Watch he did in silence after rolling his eyes. He leaned against the barred window looking into a "dirty" back alley as clean as the "pristine" fig plaza in the slums. Kuru dabbed a swab of saliva from Ranko's mouth and inserted the sample into the DNAIR. The doctor occasionally baby talked and tickled the infant to make her laugh as she waited for the results to appear on the device's screen. Either it was woman's inherent nature or a individual's affinity that proved how incompetent Nezumi was during his days of scrambling futilely to meet the baby's needs.

"Does she have a name?" asked Kuru, intuiting his insecurity.

 _Cheep cheep!_ the mice sang in unison before their master could open his mouth.

"Ranko."

"No way anyone here's going to pronounce that right," she said.
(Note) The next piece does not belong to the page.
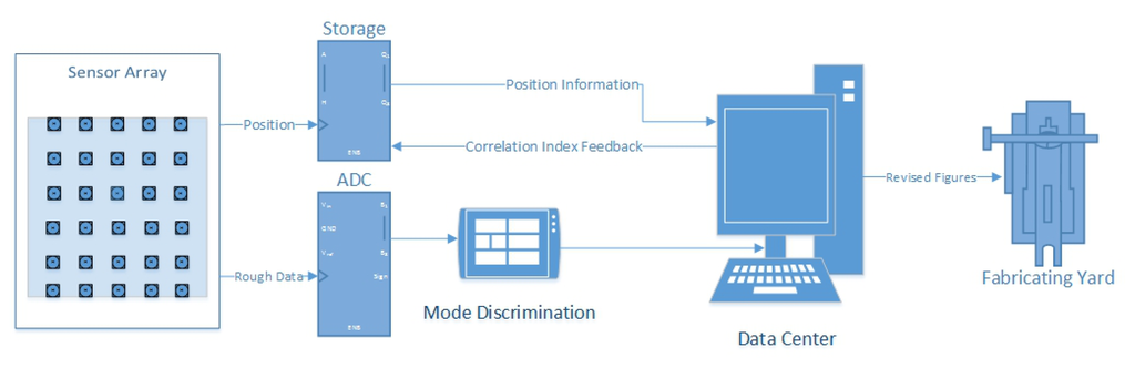 As mentioned above, in some of modern industrial cases, these devices have formed a network with wired or wireless methods passing data to a DC. Furthermore, many data mining and mathematical and statistical algorithms have been used for data analysis. A model using data mining algorithms which then processes data based on the same model has been widely employed in industrial fields to gain accurate measurements. In [12], it uses the statistics of the relation of selection and theoretical variances, the simultaneous operative testing of mathematical expectation, and the variance of errors in the one-dimensional measurements. Then in [13], an approach to characterize the model prediction errors using a Gaussian mixture model is proposed, which mainly consists of choosing the relevant variables to form the error data, optimizing the number of Gaussian components required for the error data modeling, and fitting the Gaussian mixture parameters with an expectation-maximization algorithm. In [14], it proposes a two-mode adaptive fuzzy controller with an approximation error estimator. In the learning mode, the controller employs some modified adaptive laws to tune the fuzzy system parameters and an approximation error estimator to compensate for the inherent approximation error; in the operating mode, the fuzzy system parameters are fixed—only the estimator is updated online. These methods have been effectively used for data analysis, so they can also be incorporated into networked UDS systems for error correction. In general terms, previous studies have suggested that using methods that focus on optimization of a single UDS device can improve the performance of distance measurement to some extent, however, contradictions among the accuracy, hardware complexity, data update rate and measurable range still exist.

The way her expression softened, however, showed her approval of a young man in his early twenties being responsible as a reluctant parent. "Such a shame. I can't use the name my parents gave me for that reason. If it means anything, use its linguistic equivalent in Arabic, English, and Hausa to make it easier for the locals. Keep that name for official records if you're adding her to the GCD."
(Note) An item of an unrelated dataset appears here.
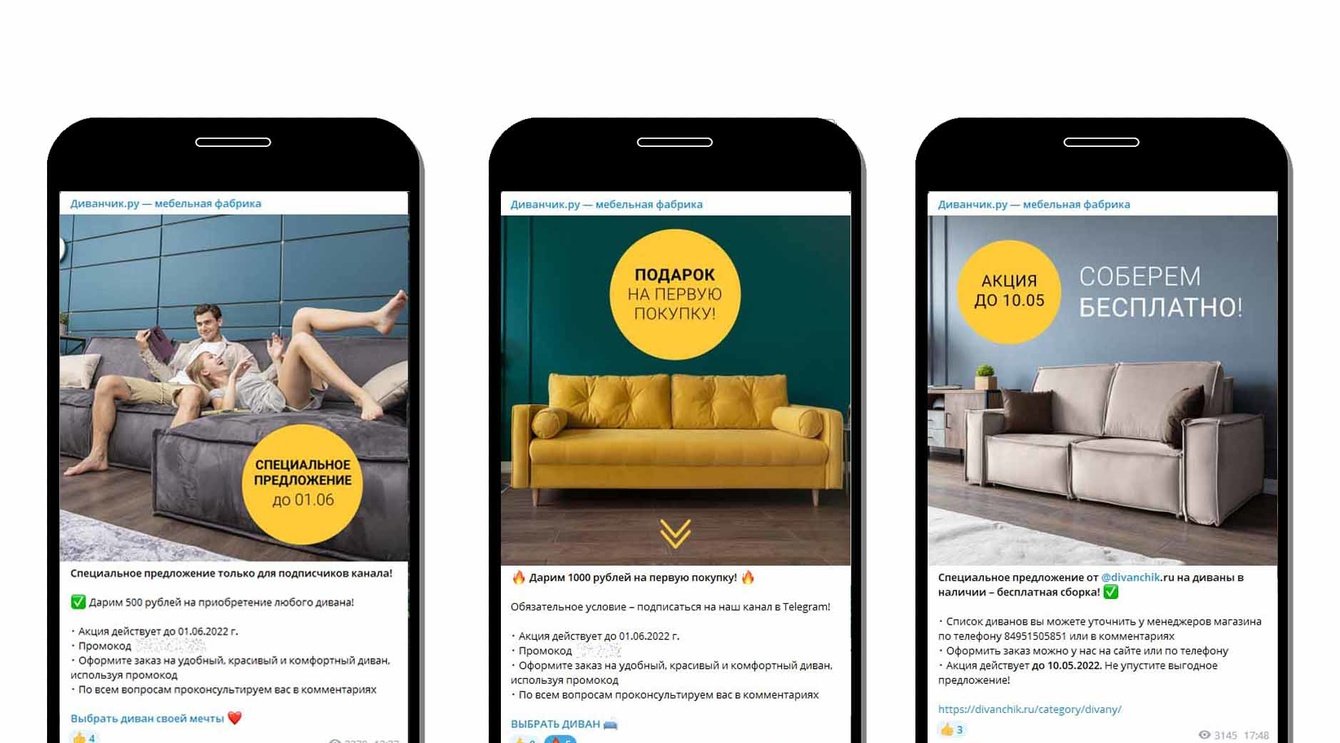 После блокировки среди социальных сетей все, кто делал ставку на омниканальность в продвижении, были вынуждены искать альтернативные способы продвижения услуг и товаров в сети. В рекламных кампаниях мебельной фабрики «Диванчик.ру» мы тестировали все возможные каналы для продвижения, которые остались доступны: TikTok, социальные сети «Одноклассники» и «ВКонтакте», MyTarget, мессенджер Telegram и планомерно проверяли их эффективность. В этом кейсе рассказываем о том, как мы настроили работу в «ВКонтакте» и Telegram и каких результатов нам удалось добиться за полгода активной работы.

"I'm not staying long enough to cater to their linguistic deficiencies."

"Glass houses, _fa'r_. Just say what 'Ranko' means. It can't be that bad."

"What if it's an insult in all three languages?"

"They don't share one root language in common, so I doubt it. Are you saying her name's even not good in English? You came to the wrong city-state, where half the population is a native or fluent speaker."

She was right, and he hated to admit it. Had he not learned some English from his books and a few prospective immigrants in the West Block, Nezumi would not have had the essentials to adapt to life in No.3, No.5, and No.1, all of which have English as a government-recognized language. He scratched the back of his neck, both due to his scarf making him itchy and feeling a tad exposed to remember his half-asleep logic at the time he named her. Furthermore, it wasn't even a name in most of the languages still spoken in 2023.

"It's 'storm'."

Kuru snorted.

"'Storm'? Leave it to a rat who scraps up any name that suits his needs to pick something unusual. Did you name her because you 'found her in the middle of a storm'?"

 _She didn't quite live up to her namesake. "I will laugh like a hyena, and that when thou art inclined to sleep." What a pity._ "Just do your damn job," he spat, staring out the window to hide a dash of pink pedals painted on his cheeks. "I don't pay you enough to endure harassment."

His mice agreed, chirping indignantly and demanding the woman apologize for mocking their best friend.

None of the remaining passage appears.